[Listed entries Boundary: Start]
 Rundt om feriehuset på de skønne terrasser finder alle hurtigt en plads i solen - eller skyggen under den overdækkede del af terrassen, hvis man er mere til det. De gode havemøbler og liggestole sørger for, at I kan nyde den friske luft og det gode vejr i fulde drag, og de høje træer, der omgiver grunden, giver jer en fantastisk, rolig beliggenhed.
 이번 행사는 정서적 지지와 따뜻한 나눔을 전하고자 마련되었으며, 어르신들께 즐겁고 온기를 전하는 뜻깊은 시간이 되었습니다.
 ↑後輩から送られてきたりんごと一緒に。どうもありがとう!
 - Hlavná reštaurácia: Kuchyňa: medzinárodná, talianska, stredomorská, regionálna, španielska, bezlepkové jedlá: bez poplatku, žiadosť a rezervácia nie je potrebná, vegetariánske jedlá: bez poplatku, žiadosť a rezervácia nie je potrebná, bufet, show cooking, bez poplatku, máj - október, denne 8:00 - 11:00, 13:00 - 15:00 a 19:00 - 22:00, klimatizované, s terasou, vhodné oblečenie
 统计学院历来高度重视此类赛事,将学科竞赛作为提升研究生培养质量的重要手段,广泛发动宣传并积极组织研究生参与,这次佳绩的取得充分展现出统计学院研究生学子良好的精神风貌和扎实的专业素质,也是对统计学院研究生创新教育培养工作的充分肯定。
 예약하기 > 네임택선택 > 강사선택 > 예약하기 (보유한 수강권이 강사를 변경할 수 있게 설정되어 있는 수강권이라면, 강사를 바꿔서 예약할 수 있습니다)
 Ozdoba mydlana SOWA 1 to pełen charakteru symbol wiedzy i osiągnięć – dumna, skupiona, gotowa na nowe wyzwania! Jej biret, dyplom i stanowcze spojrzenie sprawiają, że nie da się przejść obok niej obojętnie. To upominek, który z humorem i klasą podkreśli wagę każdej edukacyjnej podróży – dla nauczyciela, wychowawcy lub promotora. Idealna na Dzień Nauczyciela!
[Listed entries Boundary: End]
**Work to be completed:** Copy out every entry, keeping each line exactly as it is.

**Response box:**
 Rundt om feriehuset på de skønne terrasser finder alle hurtigt en plads i solen - eller skyggen under den overdækkede del af terrassen, hvis man er mere til det. De gode havemøbler og liggestole sørger for, at I kan nyde den friske luft og det gode vejr i fulde drag, og de høje træer, der omgiver grunden, giver jer en fantastisk, rolig beliggenhed.
 이번 행사는 정서적 지지와 따뜻한 나눔을 전하고자 마련되었으며, 어르신들께 즐겁고 온기를 전하는 뜻깊은 시간이 되었습니다.
 ↑後輩から送られてきたりんごと一緒に。どうもありがとう!
 - Hlavná reštaurácia: Kuchyňa: medzinárodná, talianska, stredomorská, regionálna, španielska, bezlepkové jedlá: bez poplatku, žiadosť a rezervácia nie je potrebná, vegetariánske jedlá: bez poplatku, žiadosť a rezervácia nie je potrebná, bufet, show cooking, bez poplatku, máj - október, denne 8:00 - 11:00, 13:00 - 15:00 a 19:00 - 22:00, klimatizované, s terasou, vhodné oblečenie
 统计学院历来高度重视此类赛事,将学科竞赛作为提升研究生培养质量的重要手段,广泛发动宣传并积极组织研究生参与,这次佳绩的取得充分展现出统计学院研究生学子良好的精神风貌和扎实的专业素质,也是对统计学院研究生创新教育培养工作的充分肯定。
 예약하기 > 네임택선택 > 강사선택 > 예약하기 (보유한 수강권이 강사를 변경할 수 있게 설정되어 있는 수강권이라면, 강사를 바꿔서 예약할 수 있습니다)
 Ozdoba mydlana SOWA 1 to pełen charakteru symbol wiedzy i osiągnięć – dumna, skupiona, gotowa na nowe wyzwania! Jej biret, dyplom i stanowcze spojrzenie sprawiają, że nie da się przejść obok niej obojętnie. To upominek, który z humorem i klasą podkreśli wagę każdej edukacyjnej podróży – dla nauczyciela, wychowawcy lub promotora. Idealna na Dzień Nauczyciela!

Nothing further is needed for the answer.